**INPUT RECORDS**
◆ ◆ ◆ ◆ ◆ ◆ ◆

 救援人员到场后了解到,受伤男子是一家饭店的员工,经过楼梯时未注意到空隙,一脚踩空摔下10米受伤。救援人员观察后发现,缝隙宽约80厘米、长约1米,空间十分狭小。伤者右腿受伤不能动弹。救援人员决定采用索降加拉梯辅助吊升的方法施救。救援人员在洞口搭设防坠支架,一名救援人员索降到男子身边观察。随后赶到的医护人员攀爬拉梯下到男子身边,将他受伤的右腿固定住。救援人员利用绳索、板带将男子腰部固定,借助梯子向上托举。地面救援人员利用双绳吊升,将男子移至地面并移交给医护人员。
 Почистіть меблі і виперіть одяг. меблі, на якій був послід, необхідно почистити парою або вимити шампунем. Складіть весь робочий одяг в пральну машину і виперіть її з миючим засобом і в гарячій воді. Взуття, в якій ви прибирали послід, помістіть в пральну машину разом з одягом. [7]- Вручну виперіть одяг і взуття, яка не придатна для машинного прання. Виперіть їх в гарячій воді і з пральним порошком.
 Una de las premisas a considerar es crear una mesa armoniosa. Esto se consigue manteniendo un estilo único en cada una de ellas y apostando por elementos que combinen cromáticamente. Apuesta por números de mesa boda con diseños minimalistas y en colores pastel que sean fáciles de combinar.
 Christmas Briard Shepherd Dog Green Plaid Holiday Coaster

◆ ◆ ◆ ◆ ◆ ◆ ◆

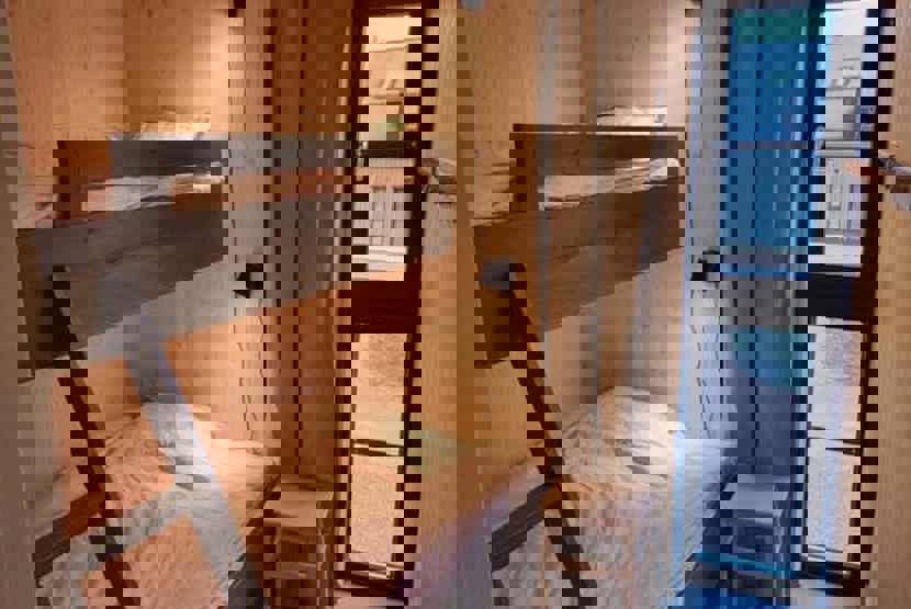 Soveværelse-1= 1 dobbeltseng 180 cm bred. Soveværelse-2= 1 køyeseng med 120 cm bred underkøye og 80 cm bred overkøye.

◆ ◆ ◆ ◆ ◆ ◆ ◆

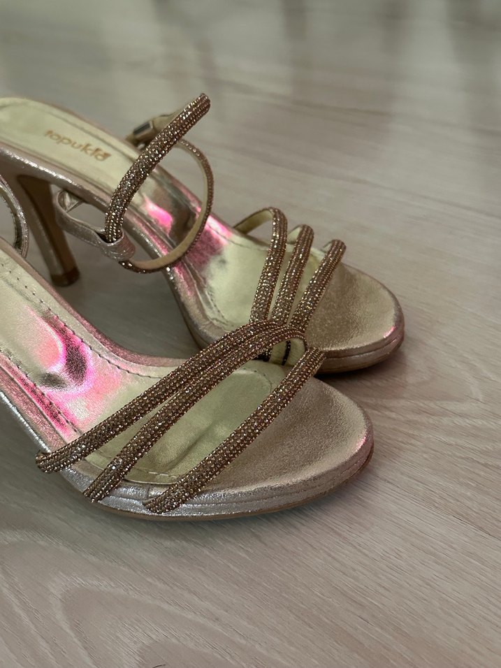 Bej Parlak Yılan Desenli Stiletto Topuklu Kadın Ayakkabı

◆ ◆ ◆ ◆ ◆ ◆ ◆

**INSTRUCTIONS TO FOLLOW**
With the line holding "Una de las premisas" as the first and the line holding "Christmas Briard Shepherd" as the last, set down that range of the entries above exactly, and nothing else.

**REPLY TO THE EXERCISE**
 Una de las premisas a considerar es crear una mesa armoniosa. Esto se consigue manteniendo un estilo único en cada una de ellas y apostando por elementos que combinen cromáticamente. Apuesta por números de mesa boda con diseños minimalistas y en colores pastel que sean fáciles de combinar.
 Christmas Briard Shepherd Dog Green Plaid Holiday Coaster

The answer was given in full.